Лина ответила не сразу; но её слова, её голос были так просты, так искренни перед самой собой, когда она сказала:
— Не знаю… Если хочешь — да… Только я не знаю, можно ли это назвать любовью. И вообще, что такое любовь? Я мало читаю романов, стихов, чтобы жить этим чувством, чтобы теоретически понимать его. А знаешь, мне кажется, что и в таком чувстве можно оказаться просто малограмотной.
— Лина, если не секрет, скажи, что ты этим хочешь сказать: «можно ли назвать это любовью»? Ты так подчеркнула слово это.
Лина молчала, опустив взгляд.
Наташа опять спросила:
— Ты любишь кого-нибудь? Кто-нибудь интересует тебя? Близок? Дорог?
— Кажется, да… пожалуй… да. Конечно, да!
— Кто, Лина?
— Видишь ли, Наташа, если говорить об этом, так ведь уж надо говорить без всякой утайки… Я вот что скажу: давеча, когда Соковнин, разговаривая с тобой, смотрел на тебя во все глаза, когда я видела, что для него ты в эту минуту дороже всех нас вместе взятых, дороже всех вопросов, о которых вы спорили, я чувствовала, что ты для него вовсе не противник: ах, он всему, всему сделает уступку, если уступками можно будет завоевать тебя. Ты для него желанная. Да, да! Я понимала это по той боли, какая была в ту минуту в моем сердце. По той зависти к тебе, не чёрной, нет, но уже мучительной. Уже был страх, что вот-вот сейчас случится со мной что-то роковое: погаснет последний свет в моем безрадостном существовании.
— Ты любишь его, Лина! — прервала Наташа. — Да, ты любишь.

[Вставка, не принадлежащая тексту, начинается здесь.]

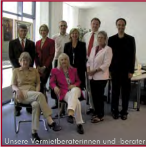
Unsere Vermietberaterinnen und -berater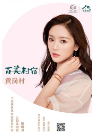
明星公益体验官：张馨月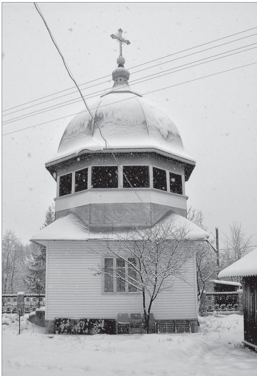
Рис. 1. Дерев'яна двоярусна дзвіниця-каплиця УАПЦ, збудована 2001 року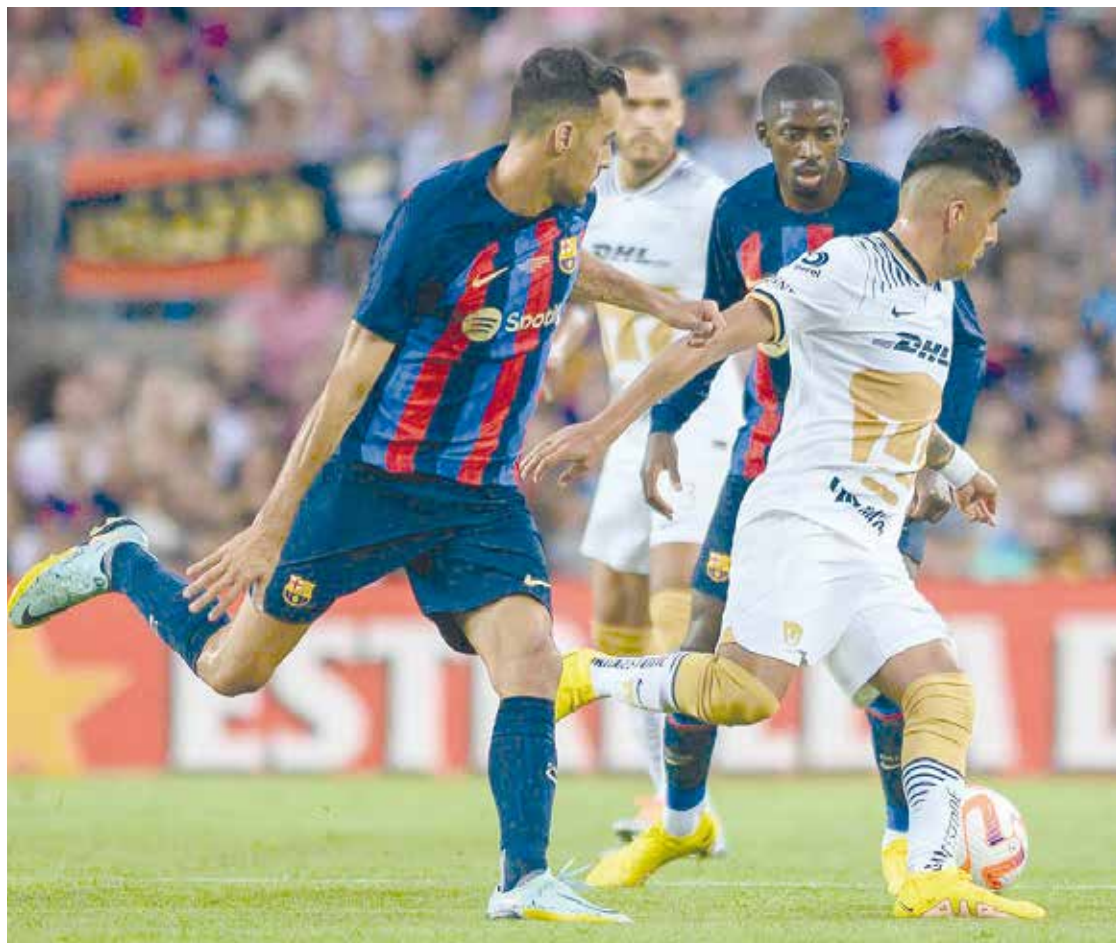
Barcelona goleó al Pumas que no superó su pánico escénico.

FÚTBOL Con goles de Lewandowski, Pedri (doblete), Dembélé, Aubameyang y De Jong.

По лицу Наташи пробежала светлая, улыбка. Радостная, с восторженным взглядом, Наташа говорила:
— Я тебя вполне понимаю. Мне знакомо это чувство. Это — ревность. Только ты не думай, что ревность, что-то такое, мрачное, ужасное, — нет, это то прекрасное чувство, когда радость доходит до страдания, когда соприкасаются радость со страданием. Это самое высшее ощущение счастья. Боль счастья, любви. Это высший экстаз любви. В нем весь смысл её. Это страх потерять…
— Что потерять?
— Самую жизнь потерять. И в то же время чувствовать, что — нет! этой потери ещё нет, что ты ещё живёшь, что ты будешь жить. Это чувство стояния над бездной, головокружительное чувство и вместе сознание, что ты всё-таки не упадёшь… Да, Лина, это — любовь. Это по крайней мере начало любви…
Лина печально, но спокойным голосом сказала:
— А если упадёшь?.. Если кто-нибудь другой встанет на это головокружительное место, а тебя столкнёт?..
Наташа, опять сбросив одеяло, протянула руки к сестре.
— Не я, Лина, не я, во всяком случае! О, я готова сделать все, чтобы Николай Николаевич полюбил тебя. Мне он не нужен.
Молча она с минуту смотрела теперь в глаза сестры радостным взглядом, и потом сердечным и решительным тоном произнесла:
— И я люблю, Лина. Я знаю, что я люблю. Только другого, не его.
Выражение лица Лины, казалось, осталось неизменным, с той же застывшей на нем печалью. Но уже в глазах появился огонёк. Она улыбнулась и сказала:
— Теперь моя очередь быть нескромной. Если не секрет, — кого, Наташа?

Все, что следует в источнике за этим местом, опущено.